Nutrients 2022, 14, 3511.
https://doi.org/10.3390/nu14173511
https://www.mdpi.com/2072-6643/14/17/3511

Abstract

In May 2020, the European Commission announced a proposal for a mandatory front-of-pack label (FoPL) for all European Union (EU) countries. Indeed, FoPLs have been recognized by several public institutions as a cost-effective measure to guide consumers toward nutritionally favorable food products. The aim of this study was to compare the performance and consumer preference of two FoPLs currently proposed or implemented in EU countries, the interpretive format Nutri-Score and the non-interpretive format NutrInform Battery, among Italian consumers.

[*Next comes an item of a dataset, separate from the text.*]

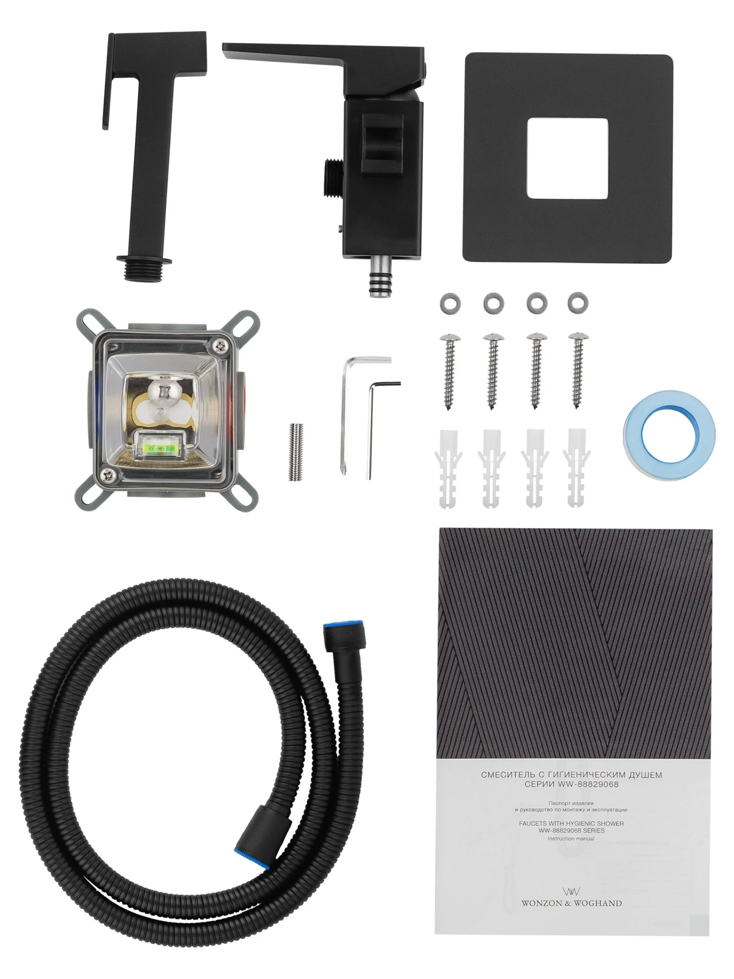 смеситель, душевой шланг, держатель для душа, лейка гигиенического душа, монтажный комплект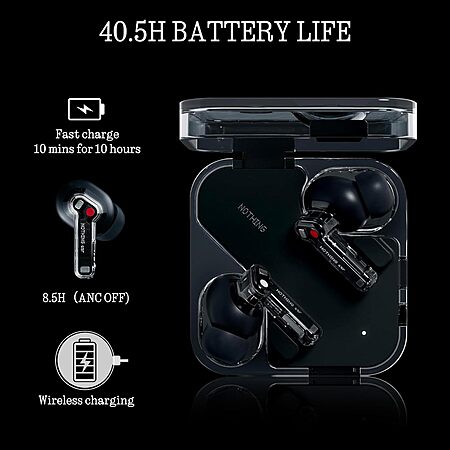 Long Playtime, Fast Charging: Ear supports up to 2.5W wireless charging. Power-up on-the-go with reverse charge on compatible devices, like Phone (2). Powered to go further, Ear lasts 25% longer than Ear (2) on a single charge. Or top-up in the case and use consistently for over 40.5 hours (ANC turned off). For speedy power-ups, Ear can Fast Charge for 10 minutes and deliver 10 hours of playback (with ANC turned off)

The experimental study was conducted in 2021 on a representative sample of 1064 Italian adults (mean age = 46.5 ± 14.1 years; 48% men). Participants were randomized to either Nutri-Score or NutrInform and had to fill out an online questionnaire testing their objective understanding of the FoPL on three food categories (breakfast products, breakfast cereals and added fats) as well as purchase intention, subjective understanding and perception. Multivariable logistic regressions and t-tests were used to analyze the answers. In terms of the capacity of participants to identify the most nutritionally favorable products, Nutri-Score outperformed NutrInform in all food categories, with the highest odds ratio being observed for added fats (OR = 21.7 [15.3–31.1], p < 0.0001). Overall, with Nutri-Score, Italian participants were more likely to intend to purchase nutritionally favorable products than with NutrInform (OR = 5.29 [4.02–6.97], p < 0.0001). Focusing on olive oil, participants of the Nutri-Score group had higher purchase intention of olive oil compared to those in the NutrInform group (OR = 1.92 [1.42–2.60], p < 0.0001) after manipulating the label. The interpretive format Nutri-Score appears to be a more efficient tool than NutrInform for orienting Italian consumers towards more nutritionally favorable food choices.